• _Exercise_: Once the line holding "MARTAPURA – Bupati" is found in the entries below, transcribe exactly every line up to and including the one holding "(a) UV-Vis spectra", but leave out the pictures.

• _Given data_:
§ §
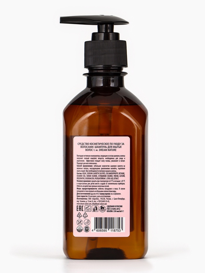 Шампунь 330 мл мягко очищает волосы и кожу головы, удаляет загрязнения и излишки себума, придаёт волосам естественный объём и блеск. Формула шампуня насыщена питательными компонентами, которые укрепляют волосы от корней до кончиков, делая их более эластичными и послушными.
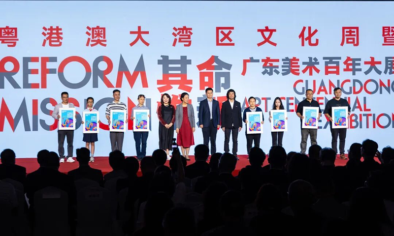 在开幕式现场,8名来自不同领域的上海市民代表,获颁“广东美术百年大展宣传使者”荣誉称号。他们将带动更多市民走进本次展览,欣赏和了解广东美术,推动粤沪文化更紧密交流。开幕式尾声,艺术家与市民代表共同为本次文化周揭幕,宣告第二十四届中国上海国际艺术节粤港澳大湾区文化周以及“其命惟新——广东美术百年大展“正式启幕。
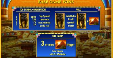 There are also such special symbols as Wild (a panther) and Scatter (pyramids) in this game. Please read about it below:
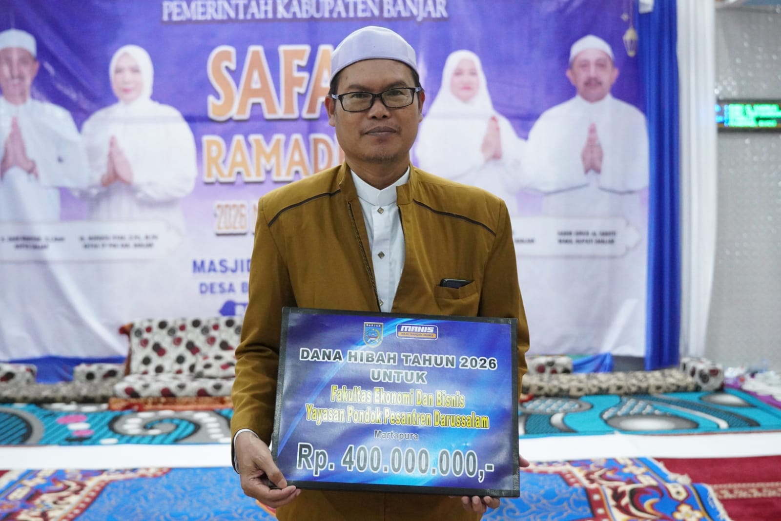MARTAPURA – Bupati Banjar Saidi Mansyur menyerahkan bantuan hibah bidang keagamaan sebesar Rp 400 juta kepada Dekan Fakultas Ekonomi dan Bisnis Islam (FEBI) Institut Agama Islam Darussalam Martapura, Haya Zabidi, pada Safari Ramadan hari ketujuh di Masjid Asshobirin, Desa Bincau, Kecamatan Martapura, Rabu (25/2/2026) sore.
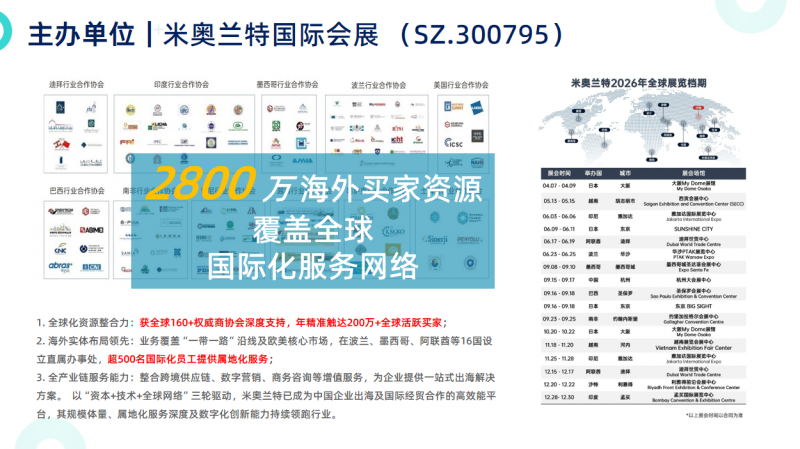A:首先参展企业可免费入驻米奥兰特13国语言数字预展平台,平台拥有2800万海外买家资源,将针对照明品类定向推送采购需求,提前配对预约;其次展会期间将举办跨境商贸对接会,2000+海外买家将到场洽谈;企业也可提前注册AI会展网,查看真实海外买家数据,提前对接需求。
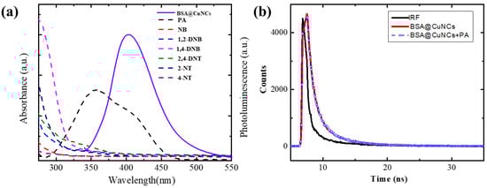 (a) UV-Vis spectra of PA (black dashed line) and other nitroaromatic compounds (dashed lines) and fluorescence spectra (solid line) of BSA@CuNCs (b) Time-resolved fluorescence decay curves of BSA@CuNCs in the absence and presence of PA.
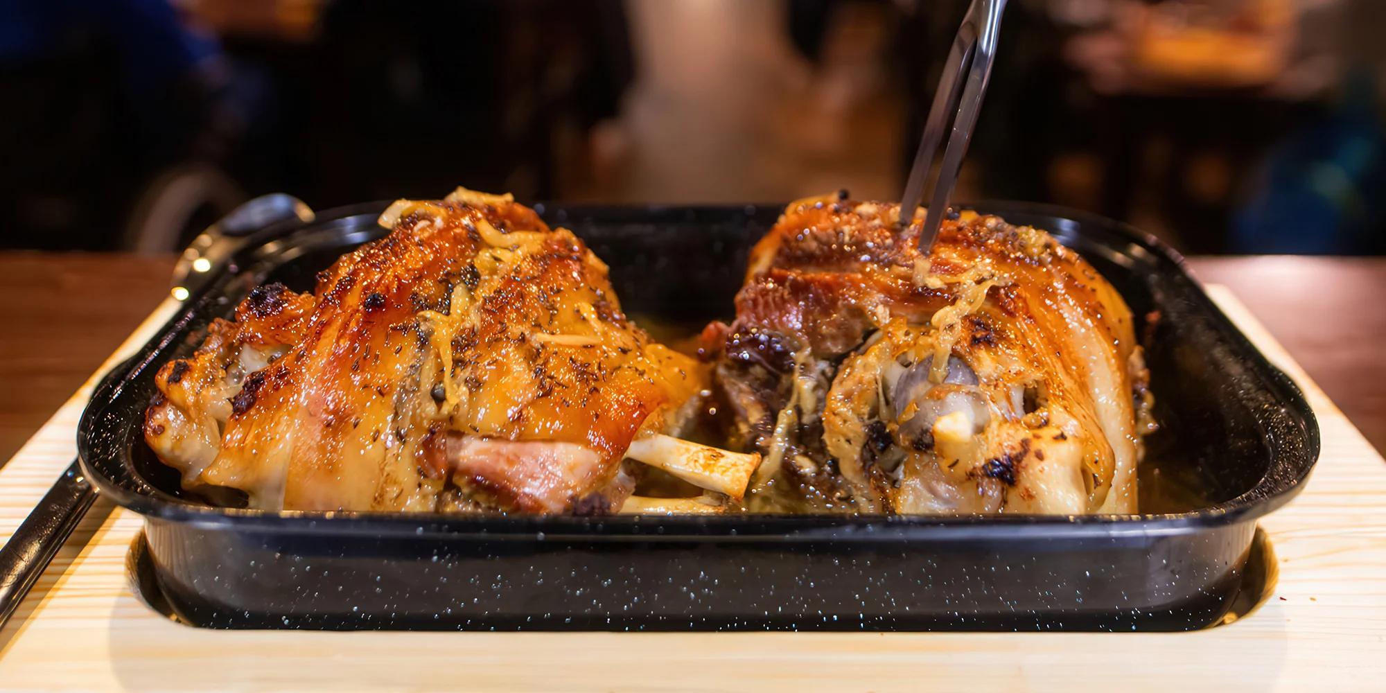 1-2 pomalu pečená kolena, přílohy i pivo Pilsner Urquel
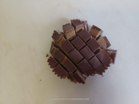 2. Cut the Reese’s peanut butter cup into small pieces.
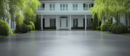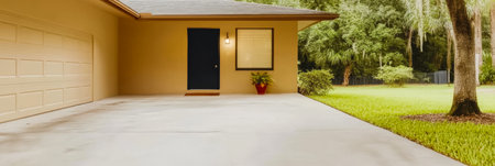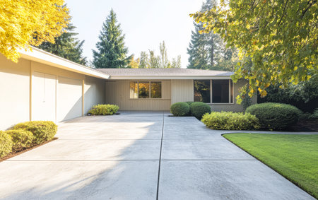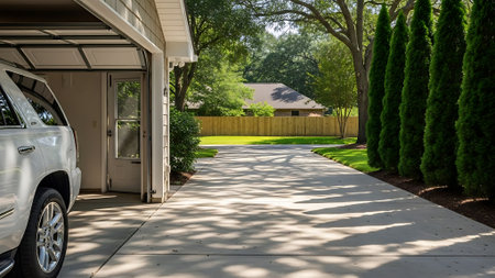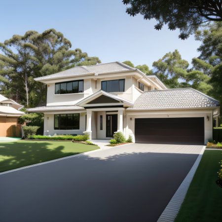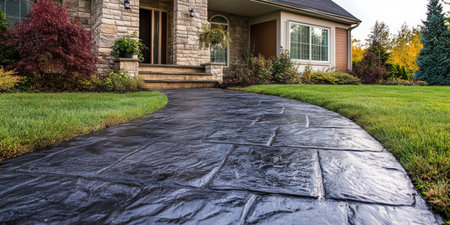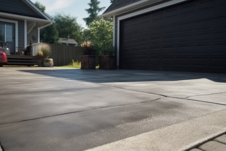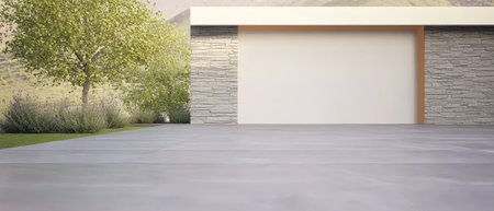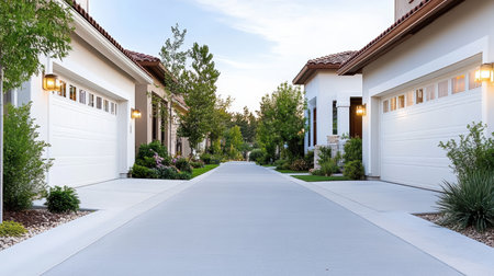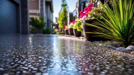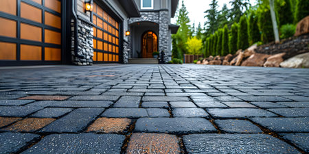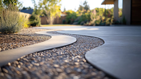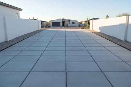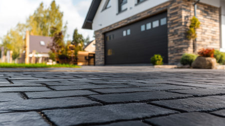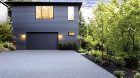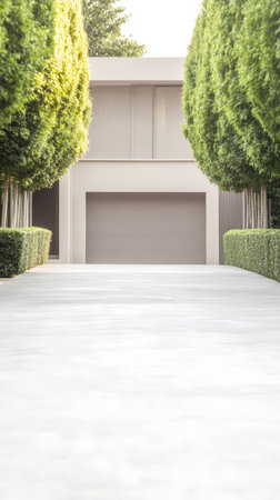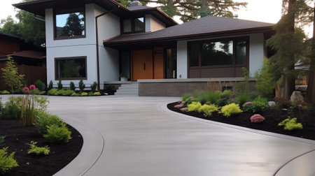 The clean lines and neutral tones of the driveway create a welcoming entrance to the modern home
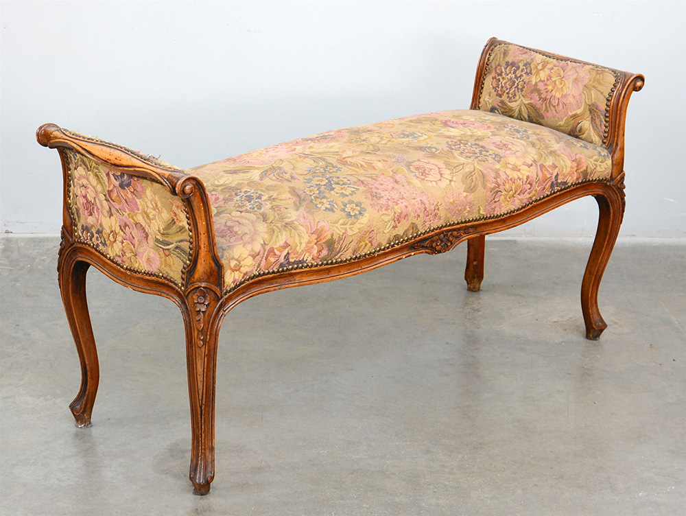 Panchetto in noce intagliato con gambe mosse e rivestimento in tessuto operato (l cm 115) (difetti)
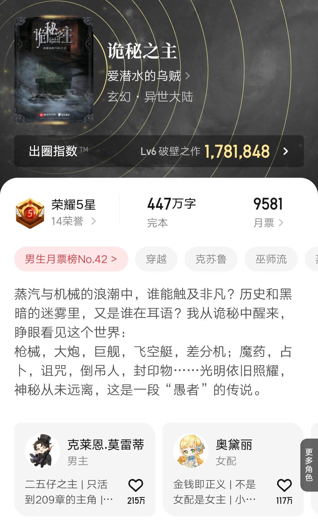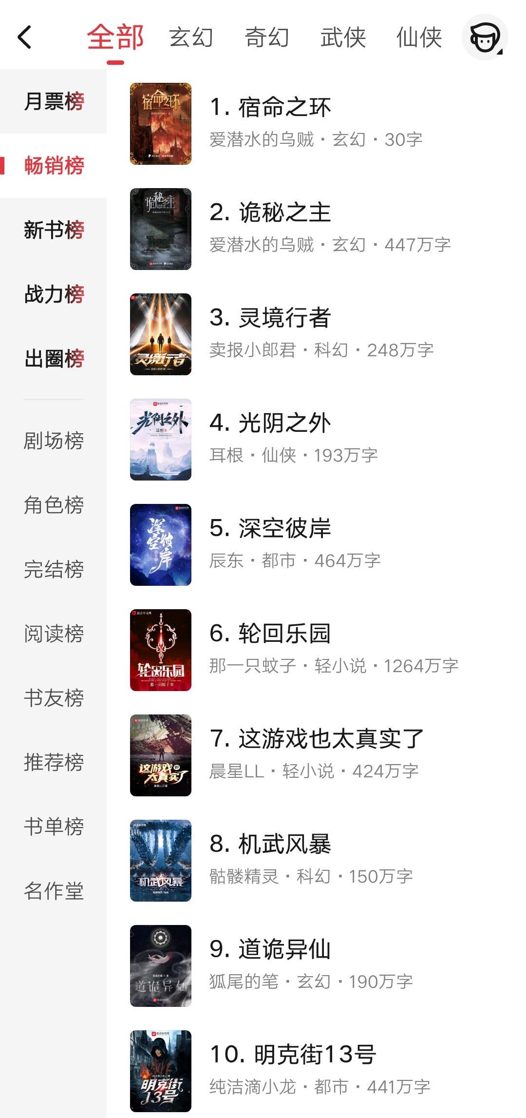 如今新书启航,还是希望《宿命之环》能赶超《诡秘之主》创造新的高峰的。
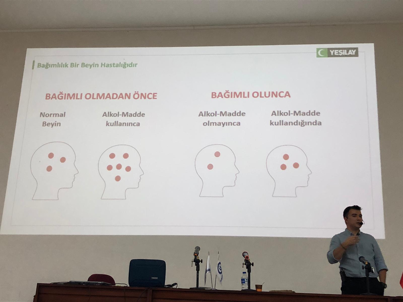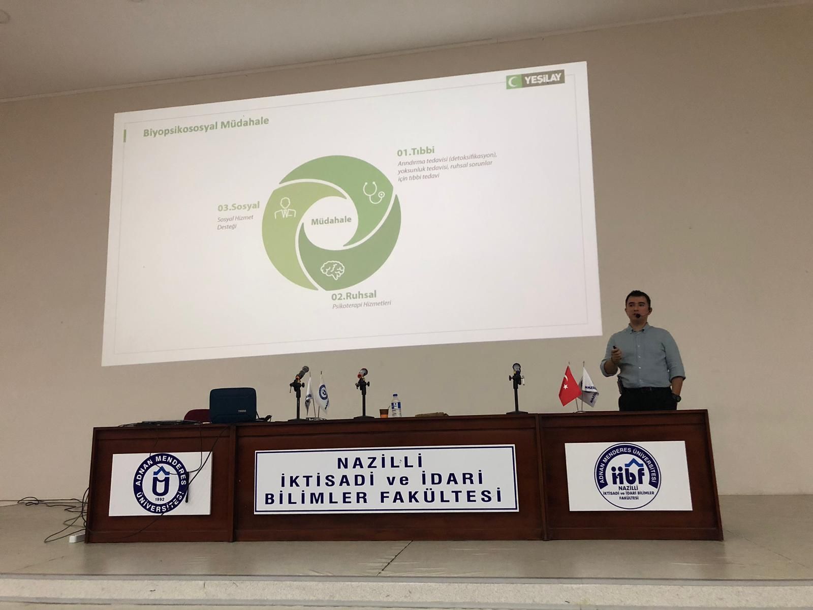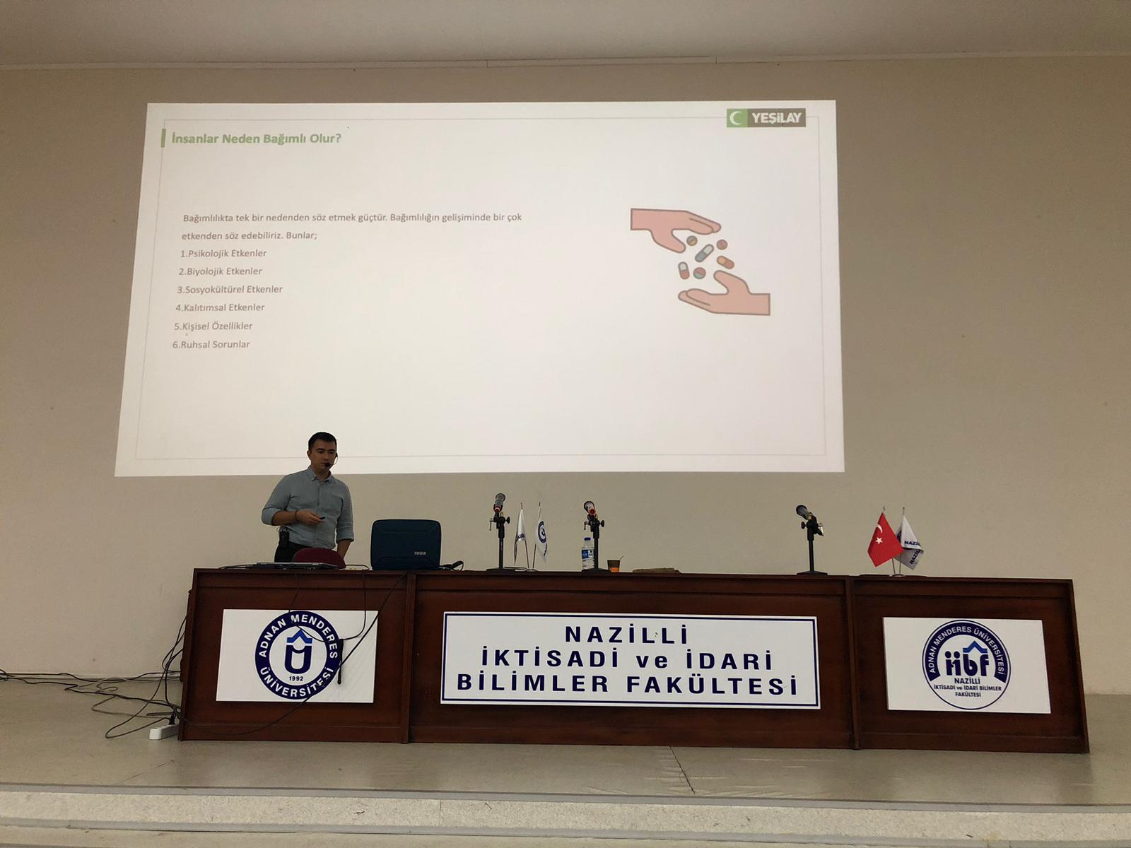Nazilli İktisadi ve İdari Bilimler Fakültesi Bağımlılıkla Mücadele Birimi tarafından Fakültemiz Konferans Salonu'nda 6 Kasım 2024 tarihinde "Bağımlılıkla Mücadele" semineri düzenlenmiÅŸtir. Aydın YeÅŸilay Danışmanlık Merkezi'nden (YEDAM) Psikolog Taylan Akbaba'nın sunumuyla gerçekleÅŸtirilen etkinliÄŸe fakülte öÄŸrencileri yoÄŸun katılım saÄŸlamıştır. Seminerde; bağımlılığın ne olduÄŸu, kiÅŸinin bağımlı olup olmadığını anlama kriterleri ve bağımlılıktan kurtulmak için YEDAM bünyesinde verilen hizmetler hakkında bilgilendirme yapılmıştır. Ayrıca verilen tüm hizmetlerin ücretsiz olduÄŸu, gizliliÄŸe önem verildiÄŸi ve kiÅŸinin 115'i arayarak bağımlılıkla mücadelesinde ilk adımı atabileceÄŸi vurgulanmıştır.
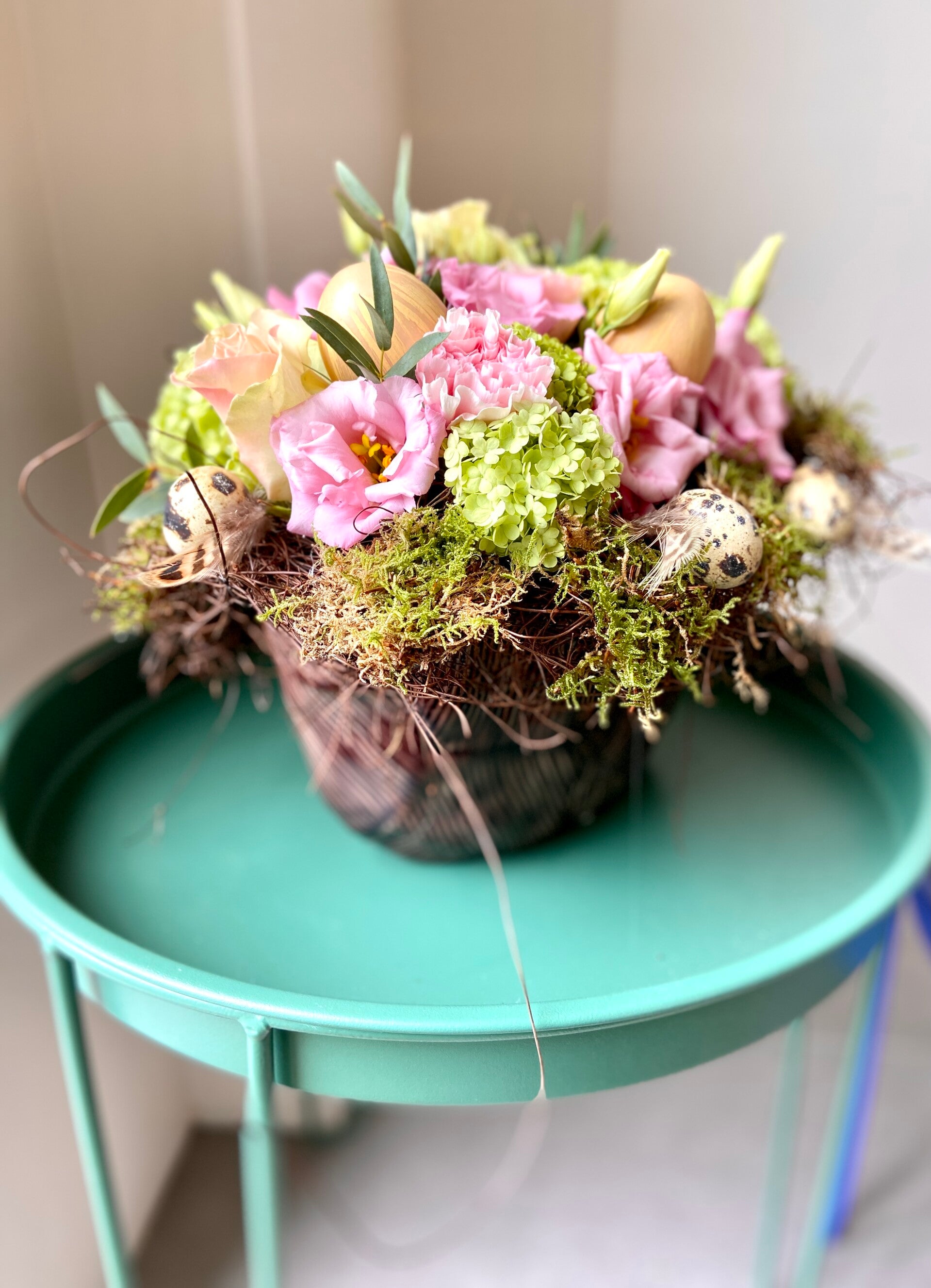 We maken een bloemstuk in steekschuim in een aardewerken pot (foto is niet bindend). Het geheel wordt met eitjes, pluimpjes, vlechtwerk en mos afgewerkt.
§ §
• _Response below_:
MARTAPURA – Bupati Banjar Saidi Mansyur menyerahkan bantuan hibah bidang keagamaan sebesar Rp 400 juta kepada Dekan Fakultas Ekonomi dan Bisnis Islam (FEBI) Institut Agama Islam Darussalam Martapura, Haya Zabidi, pada Safari Ramadan hari ketujuh di Masjid Asshobirin, Desa Bincau, Kecamatan Martapura, Rabu (25/2/2026) sore.
A:首先参展企业可免费入驻米奥兰特13国语言数字预展平台,平台拥有2800万海外买家资源,将针对照明品类定向推送采购需求,提前配对预约;其次展会期间将举办跨境商贸对接会,2000+海外买家将到场洽谈;企业也可提前注册AI会展网,查看真实海外买家数据,提前对接需求。
 (a) UV-Vis spectra of PA (black dashed line) and other nitroaromatic compounds (dashed lines) and fluorescence spectra (solid line) of BSA@CuNCs (b) Time-resolved fluorescence decay curves of BSA@CuNCs in the absence and presence of PA.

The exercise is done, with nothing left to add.